A pan-allelic human SIRPα blocking antibody, ES004-B5 promotes tumor killing by enhancing macrophage phagocytosis and subsequently inducing an effective T-cell response

Abstract

Abstract Background As a major immune cell type in the tumor microenvironment, tumor-associated macrophages (TAMs) secrete suppressive factors that can inhibit anti-tumor immunity and promote tumor progression. One approach trying to utilize macrophages for immunotherapy has been to block the CD47-SIRPα axis, which mediates inhibitory signaling, to promote phagocytosis of tumor cells. Many CD47-targeted agents, namely anti-CD47 antibodies and SIRPα fusion proteins, were associated with a diverse spectrum of toxicities which limit their use in clinical settings. Universal expression of CD47 also leads to a severe ‘antigen sink’ effect of CD47-targeted agents.

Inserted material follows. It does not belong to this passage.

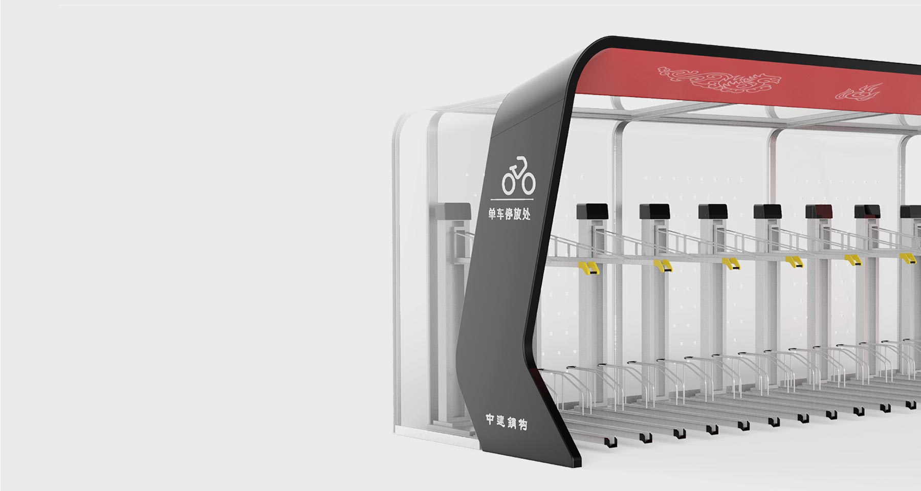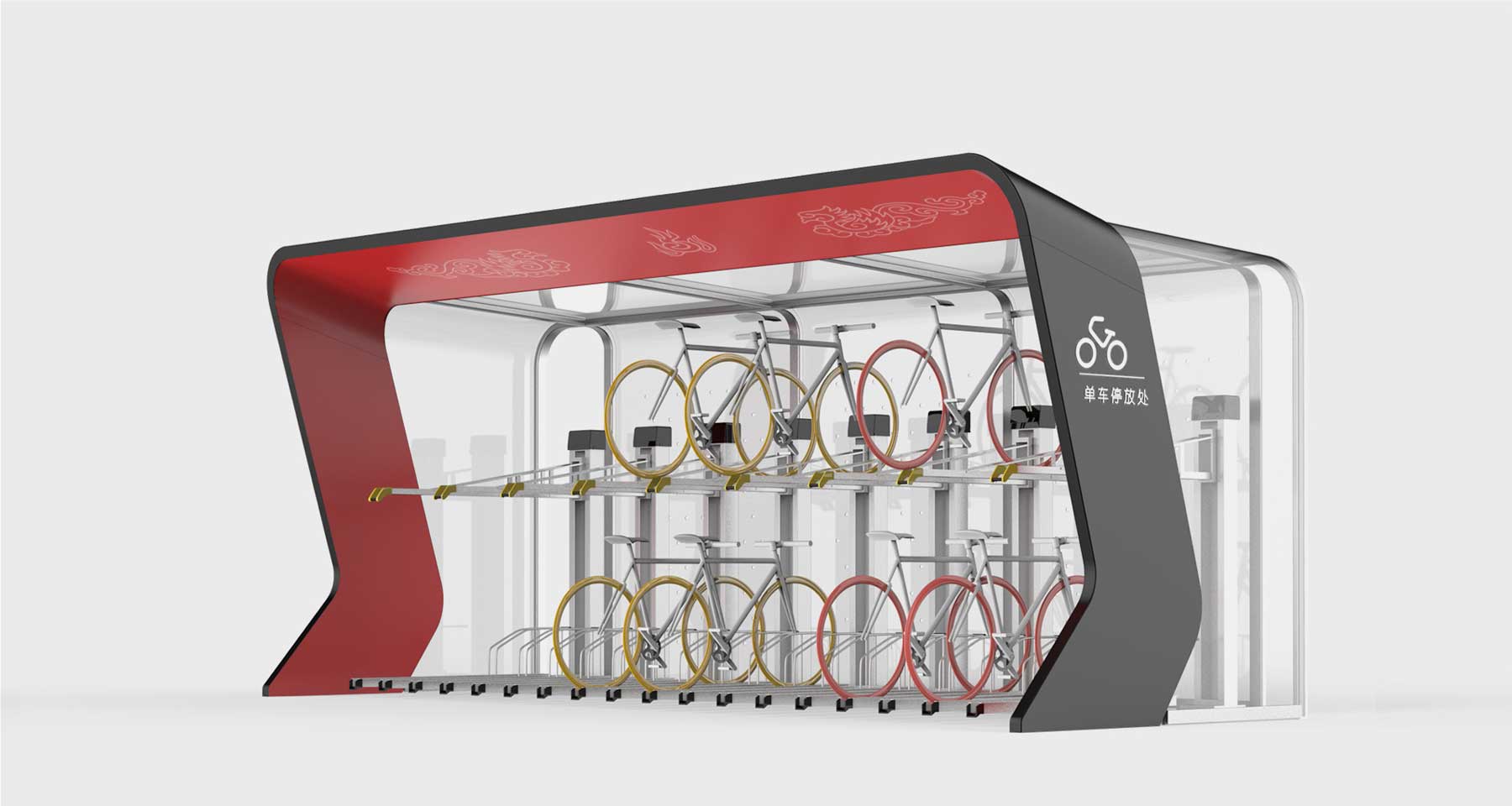 双层立体自行车库是成都市政府与中国最大的钢结构公司中建钢构合作规划并委托木马设计的一款产品,基于成都市经济与文化的迅速发展,以及城市发展所面临的环境与规划问题,双方意在推出一款能改变共享单车停放乱现状的产品。木马通过对成都市的文化背景研究,提出了川剧脸谱的概念,得到了成都市政府的高度认同。 产品抽象化川剧脸谱装扮的帽檐,以及帽檐两侧的缎带,再将其重新结合为车库的外形,并辅以传统的二龙戏珠图腾,增加其文化寓意。将城市传统文化与现代化生活联系,增强了城市现代化进程中年轻用户群体的文化认同,同时也成为城市展示自己的一个有力的文化符号。

Given that the CD47 receptor, SIRPα, has a more restricted expression profile and may have CD47-independent functions, targeting SIRPα is considered to have distinct advantages in improving clinical efficacy with a better safety profile. Methods We have developed ES004-B5, a potentially best-in-class pan-allelic human SIRPα blocking antibody using hybridoma technology. Results ES004-B5 binds to major human SIRPα variants through a unique epitope with high affinity. By blocking CD47-induced inhibitory “don’t eat me” signaling, ES004-B5 exerts superior anti-tumor activity in combination with anti-TAA antibodies in vitro and in vivo. Unlike CD47-targeted agents, ES004-B5 exhibits an excellent safety profile in non-human primates. Conclusions ES004-B5 has potential to be an important backbone for SIRPα-based combination therapy and/or bispecific antibodies, which will likely overcome the limitations of CD47-targeted agents encountered in clinical settings. Statement of significance SIRPα-targeted therapy will likely overcome the limitations of anti-CD47 antibodies or SIRPα fusion proteins encountered in clinical settings. We have developed ES004-B5, a potentially best-in-class pan-allelic human SIRPα blocking antibody, which has potential to be an important backbone of SIRPα-based combination therapies or bispecific antibodies.